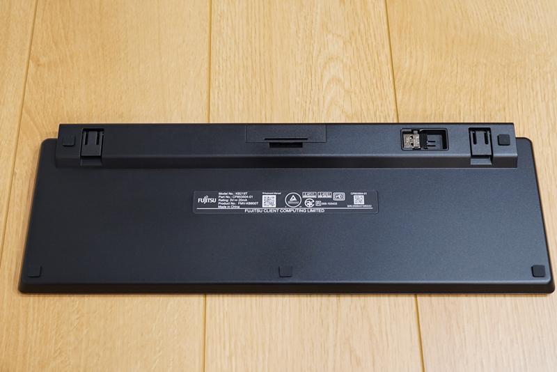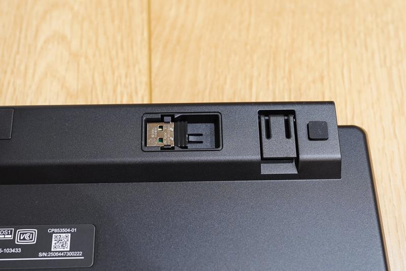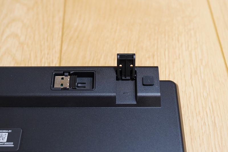 裏面。基本は私はブルートゥース接続で使用しますが、USBレシーバーも無くさないように格納できる場所があるのはポイント高いですね。
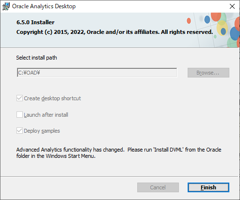 インストールが完了したら、 finish ボタンをクリックして、インストーラーを終了します。これで、Oracle Analytics Desktop をインストールできました。
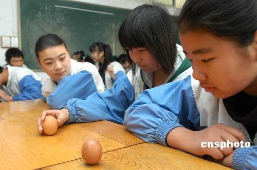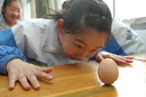 3月20日,山東鄒平縣實(shí)驗(yàn)中學(xué)的學(xué)生在立雞蛋。當(dāng)日是春分,我國(guó)民間有在這天立雞蛋的傳統(tǒng),在春分立蛋的說法中,認(rèn)為春分這一天,太陽直射在赤道上,地球的引力會(huì)發(fā)生變化,雞蛋所受到的重力會(huì)隨著引力的變化而變化,因此雞蛋會(huì)更容易站立起來。中新社發(fā) 董乃德 攝
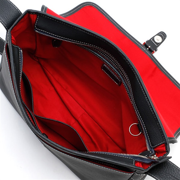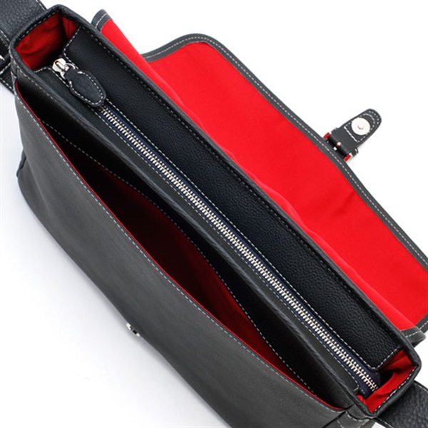 イタリアンレザーでお作りした横型ショルダーバッグ。美しい発色と独特の風合いが魅力です。厚みのある革で耐久性にも優れています。やわらかな手触りと軽さもポイント。A4クリアファイルがぴったり入るサイズ感で、かぶせの中にはファスナーも付いています。
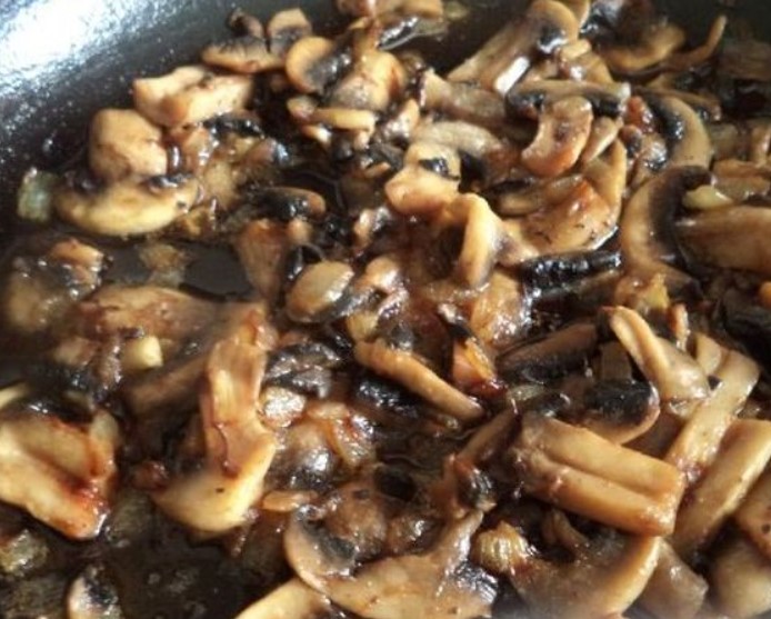 Put the mushrooms on the onion. Simmer everything together, stirring occasionally, for about 5 minutes. Salt, add spices as desired. Mix.
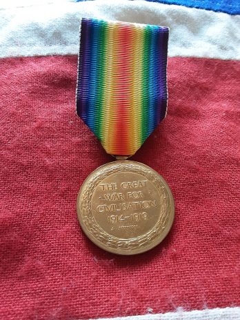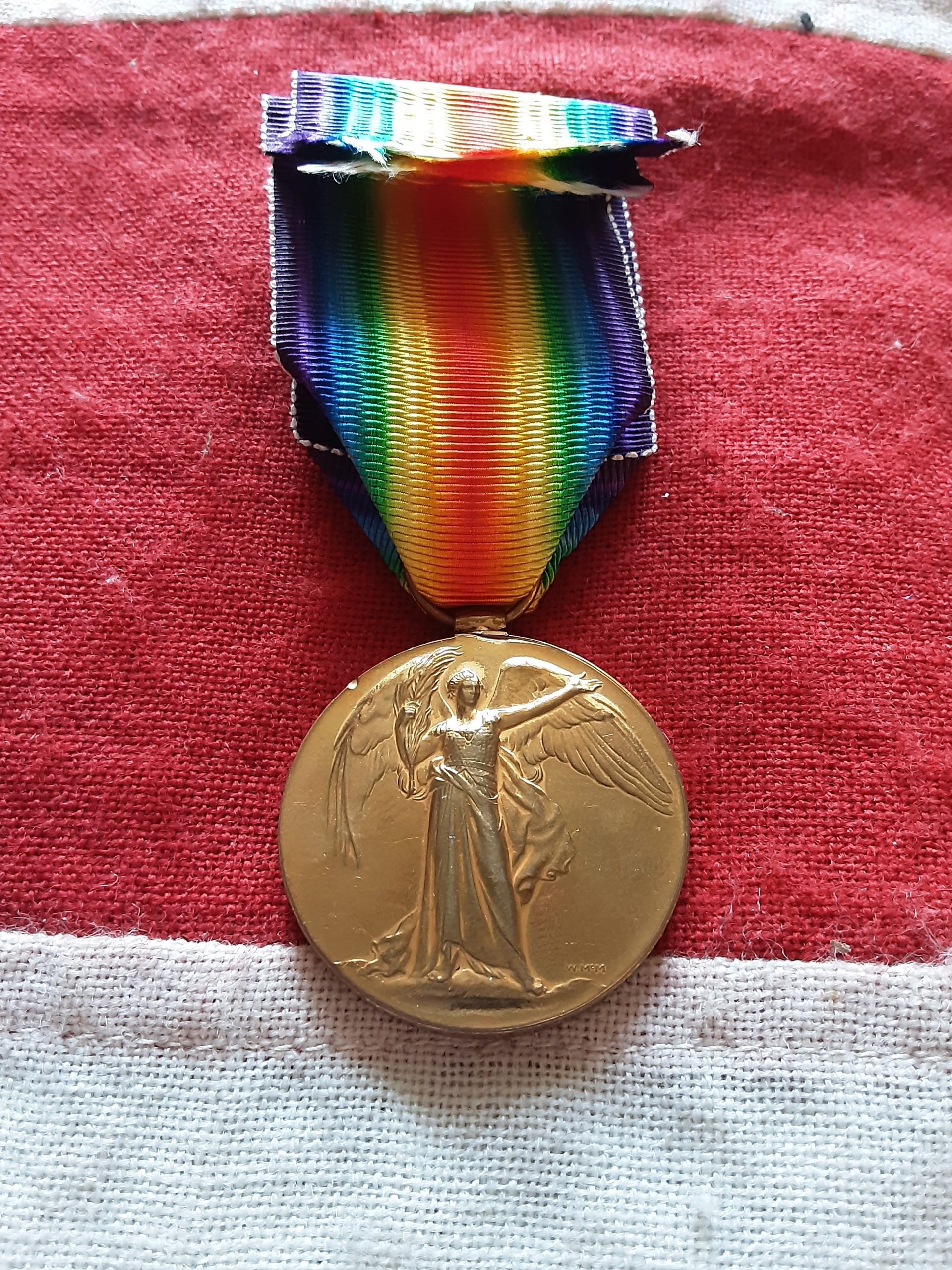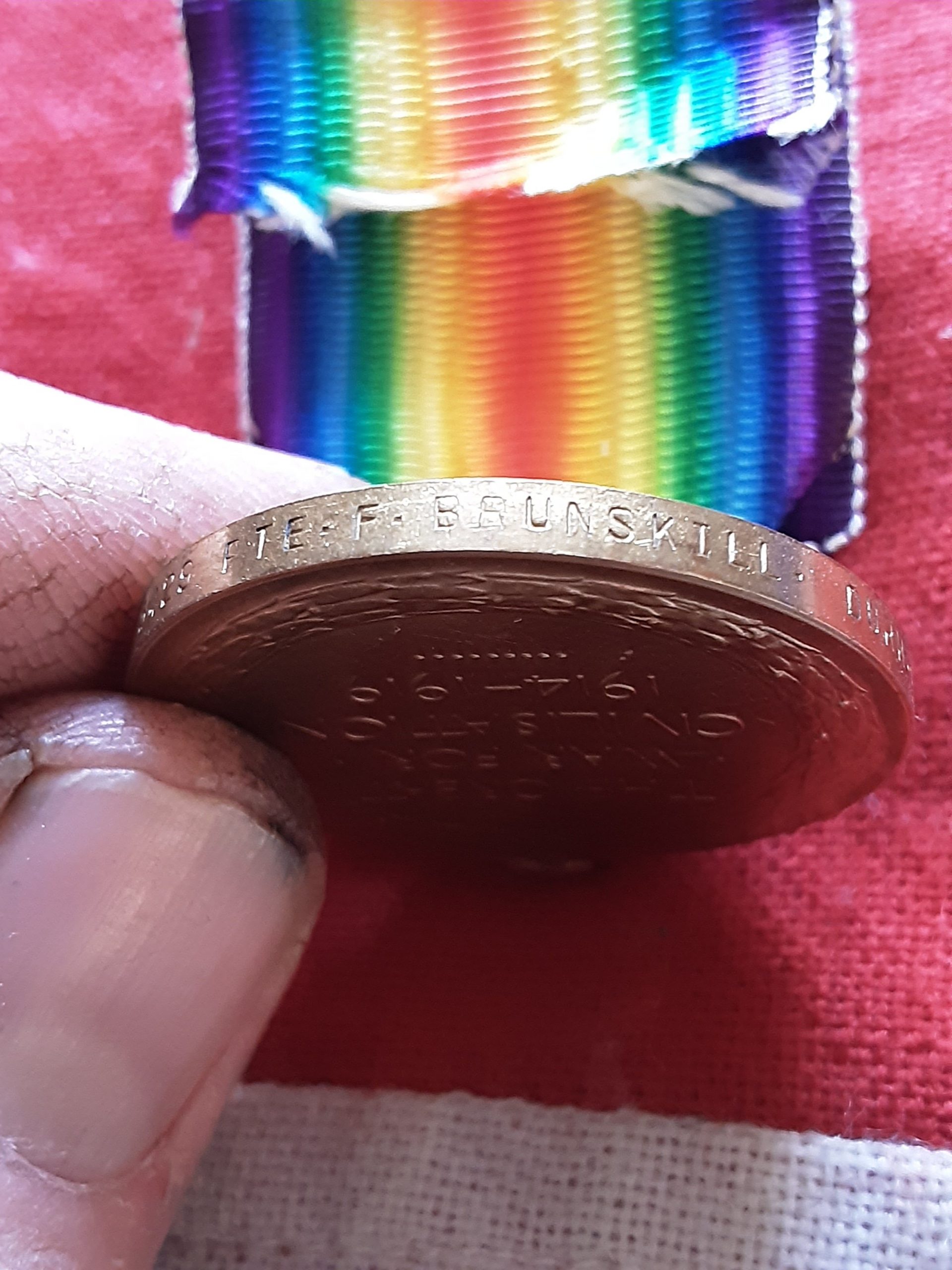 Ww1 Victory on original ribbon named to 6-3429 pte f brunskill durh li.
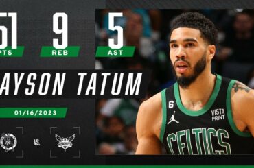 Check out these highlights from Jayson Tatum’s 51-point performance in the Boston Celtics’ 130-118 win over the Charlotte Hornets. Tatum…
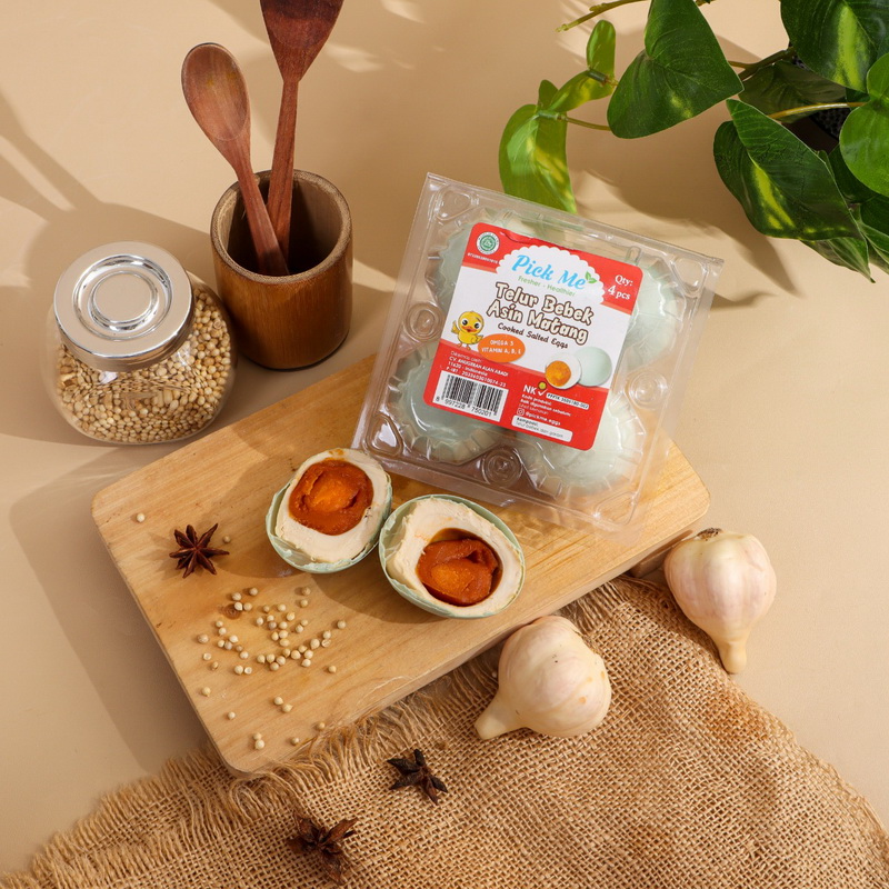 Di buat dari telur bebek pilihan yang melalui proses pengasinan tradisional dan diolah dengan bumbu bawang putih pilihan sehingga menghasilkan telur dengan rasa asin yang pas, tekstur masir dan berminyak. Aroma bawangnya terasa dan sangat menggugah selera. Sudah matang dan siap disajikan.
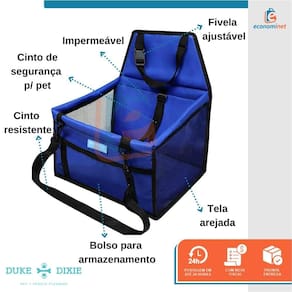 O assento para carro da Duke e Dixie é ideal para passeios, além de oferecer conforto e segurança para o seu pet. Produzido de acordo com as normas de trânsito para transportar animais em veículos, é adaptável com a maioria dos assentos dos automóveis que tenham encosto de cabeça.
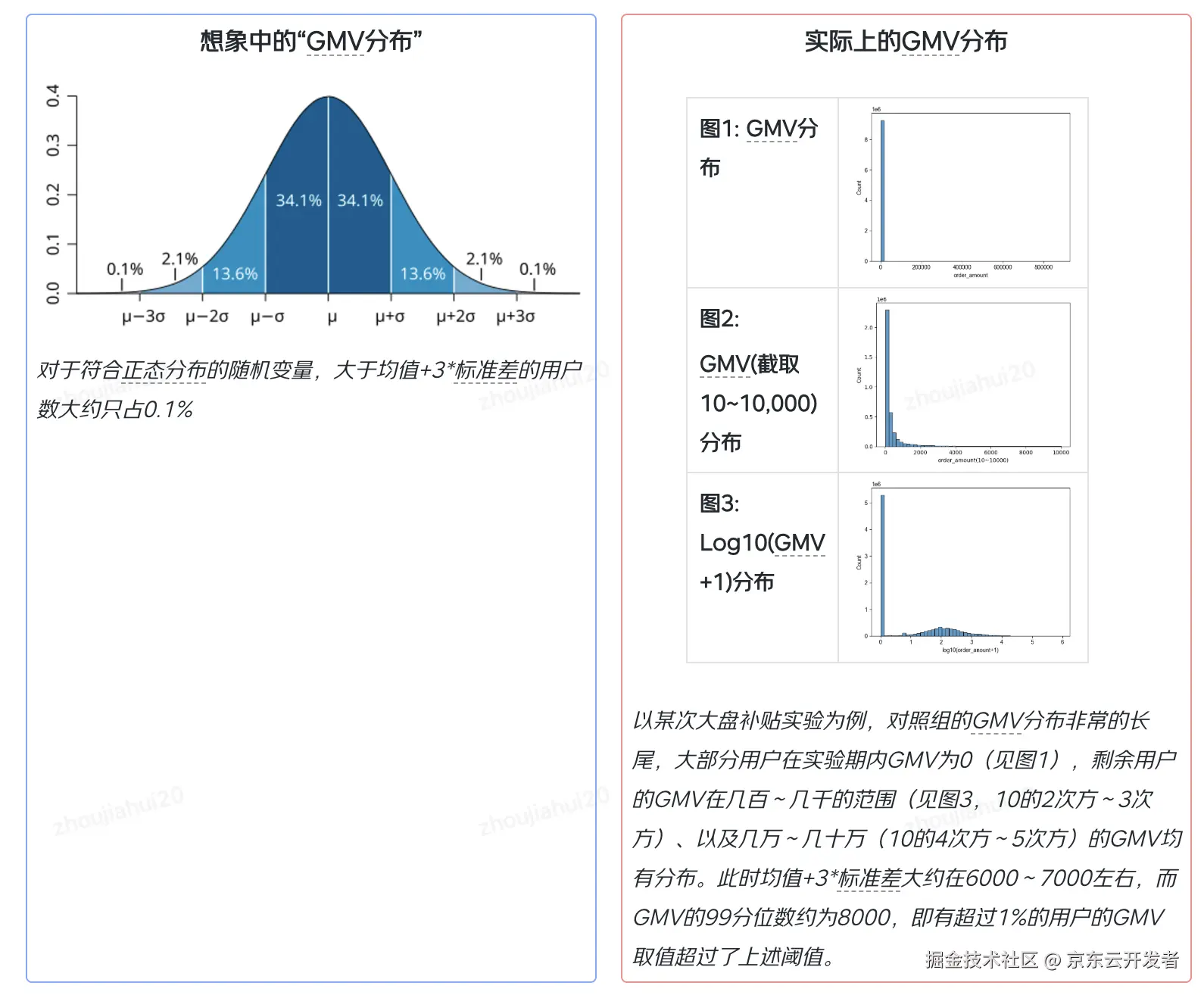 这个范围,那么就属于异常值。但这个标准通常假设了样本的分布属于正态分布或者近似正态分布,对于互联网公司的幂律分布指标适用性较差,我相信大家都能感受到"JD大盘Top1%的用户成单GMV都是异常值"这个结论有多么的离谱。
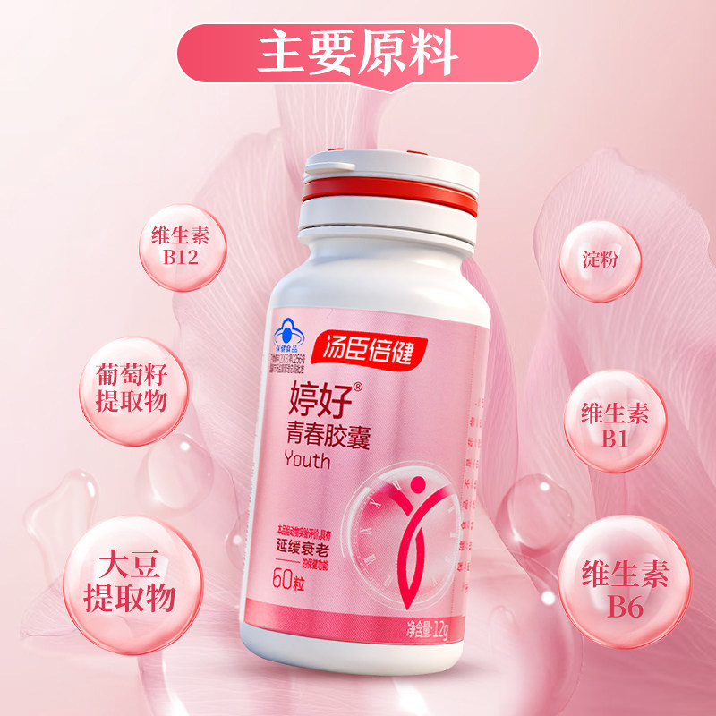 📚 汤臣倍健婷好青春胶囊60粒成年女性延缓衰老大豆异黄酮正品旗舰店
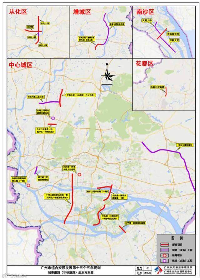 “十三五”期间,广州主要完善和改进从化区、增城区、南沙区、花都区以及中心城区的城市道路交通网络,从而更加流畅地处理广州的交通堵塞问题。

========

> Action item
"Di buat dari" marks the first line to copy; copy that line and every line after it through the last line of the listing, exactly and without pictures.

> Answer section
 Di buat dari telur bebek pilihan yang melalui proses pengasinan tradisional dan diolah dengan bumbu bawang putih pilihan sehingga menghasilkan telur dengan rasa asin yang pas, tekstur masir dan berminyak. Aroma bawangnya terasa dan sangat menggugah selera. Sudah matang dan siap disajikan.
 O assento para carro da Duke e Dixie é ideal para passeios, além de oferecer conforto e segurança para o seu pet. Produzido de acordo com as normas de trânsito para transportar animais em veículos, é adaptável com a maioria dos assentos dos automóveis que tenham encosto de cabeça.
 这个范围,那么就属于异常值。但这个标准通常假设了样本的分布属于正态分布或者近似正态分布,对于互联网公司的幂律分布指标适用性较差,我相信大家都能感受到"JD大盘Top1%的用户成单GMV都是异常值"这个结论有多么的离谱。
 📚 汤臣倍健婷好青春胶囊60粒成年女性延缓衰老大豆异黄酮正品旗舰店
 “十三五”期间,广州主要完善和改进从化区、增城区、南沙区、花都区以及中心城区的城市道路交通网络,从而更加流畅地处理广州的交通堵塞问题。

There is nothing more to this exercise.